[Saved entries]
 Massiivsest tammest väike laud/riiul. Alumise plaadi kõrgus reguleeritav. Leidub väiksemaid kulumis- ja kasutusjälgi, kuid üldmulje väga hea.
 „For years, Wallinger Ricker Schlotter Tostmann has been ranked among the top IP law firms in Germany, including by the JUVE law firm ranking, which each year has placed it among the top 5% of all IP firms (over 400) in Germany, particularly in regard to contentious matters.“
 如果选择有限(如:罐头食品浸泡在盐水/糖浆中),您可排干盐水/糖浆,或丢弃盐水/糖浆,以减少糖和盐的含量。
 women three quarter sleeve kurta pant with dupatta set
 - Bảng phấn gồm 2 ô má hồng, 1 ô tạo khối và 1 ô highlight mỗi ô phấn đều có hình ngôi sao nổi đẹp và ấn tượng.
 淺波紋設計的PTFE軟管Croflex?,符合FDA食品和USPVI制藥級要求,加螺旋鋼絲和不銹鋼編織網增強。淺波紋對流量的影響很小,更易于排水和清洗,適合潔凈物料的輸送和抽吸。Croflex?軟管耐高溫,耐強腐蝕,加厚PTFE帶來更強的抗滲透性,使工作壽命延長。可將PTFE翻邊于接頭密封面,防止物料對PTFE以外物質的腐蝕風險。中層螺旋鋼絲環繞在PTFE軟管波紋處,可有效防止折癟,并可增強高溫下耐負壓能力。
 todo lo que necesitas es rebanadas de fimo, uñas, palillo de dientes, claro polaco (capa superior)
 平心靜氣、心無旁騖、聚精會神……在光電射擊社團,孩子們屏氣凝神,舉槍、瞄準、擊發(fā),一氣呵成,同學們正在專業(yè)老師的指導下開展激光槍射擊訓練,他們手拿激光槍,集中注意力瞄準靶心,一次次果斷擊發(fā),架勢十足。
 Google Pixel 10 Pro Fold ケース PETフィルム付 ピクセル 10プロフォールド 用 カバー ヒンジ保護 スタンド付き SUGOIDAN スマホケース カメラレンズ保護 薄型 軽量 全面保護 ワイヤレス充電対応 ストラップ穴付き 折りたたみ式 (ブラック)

> [Action item]
Lines from the one containing "years, Wallinger Ricker" to the end of the data are to be printed exactly, including the first and last.

> [Response for this exercise]
 „For years, Wallinger Ricker Schlotter Tostmann has been ranked among the top IP law firms in Germany, including by the JUVE law firm ranking, which each year has placed it among the top 5% of all IP firms (over 400) in Germany, particularly in regard to contentious matters.“
 如果选择有限(如:罐头食品浸泡在盐水/糖浆中),您可排干盐水/糖浆,或丢弃盐水/糖浆,以减少糖和盐的含量。
 women three quarter sleeve kurta pant with dupatta set
 - Bảng phấn gồm 2 ô má hồng, 1 ô tạo khối và 1 ô highlight mỗi ô phấn đều có hình ngôi sao nổi đẹp và ấn tượng.
 淺波紋設計的PTFE軟管Croflex?,符合FDA食品和USPVI制藥級要求,加螺旋鋼絲和不銹鋼編織網增強。淺波紋對流量的影響很小,更易于排水和清洗,適合潔凈物料的輸送和抽吸。Croflex?軟管耐高溫,耐強腐蝕,加厚PTFE帶來更強的抗滲透性,使工作壽命延長。可將PTFE翻邊于接頭密封面,防止物料對PTFE以外物質的腐蝕風險。中層螺旋鋼絲環繞在PTFE軟管波紋處,可有效防止折癟,并可增強高溫下耐負壓能力。
 todo lo que necesitas es rebanadas de fimo, uñas, palillo de dientes, claro polaco (capa superior)
 平心靜氣、心無旁騖、聚精會神……在光電射擊社團,孩子們屏氣凝神,舉槍、瞄準、擊發(fā),一氣呵成,同學們正在專業(yè)老師的指導下開展激光槍射擊訓練,他們手拿激光槍,集中注意力瞄準靶心,一次次果斷擊發(fā),架勢十足。
 Google Pixel 10 Pro Fold ケース PETフィルム付 ピクセル 10プロフォールド 用 カバー ヒンジ保護 スタンド付き SUGOIDAN スマホケース カメラレンズ保護 薄型 軽量 全面保護 ワイヤレス充電対応 ストラップ穴付き 折りたたみ式 (ブラック)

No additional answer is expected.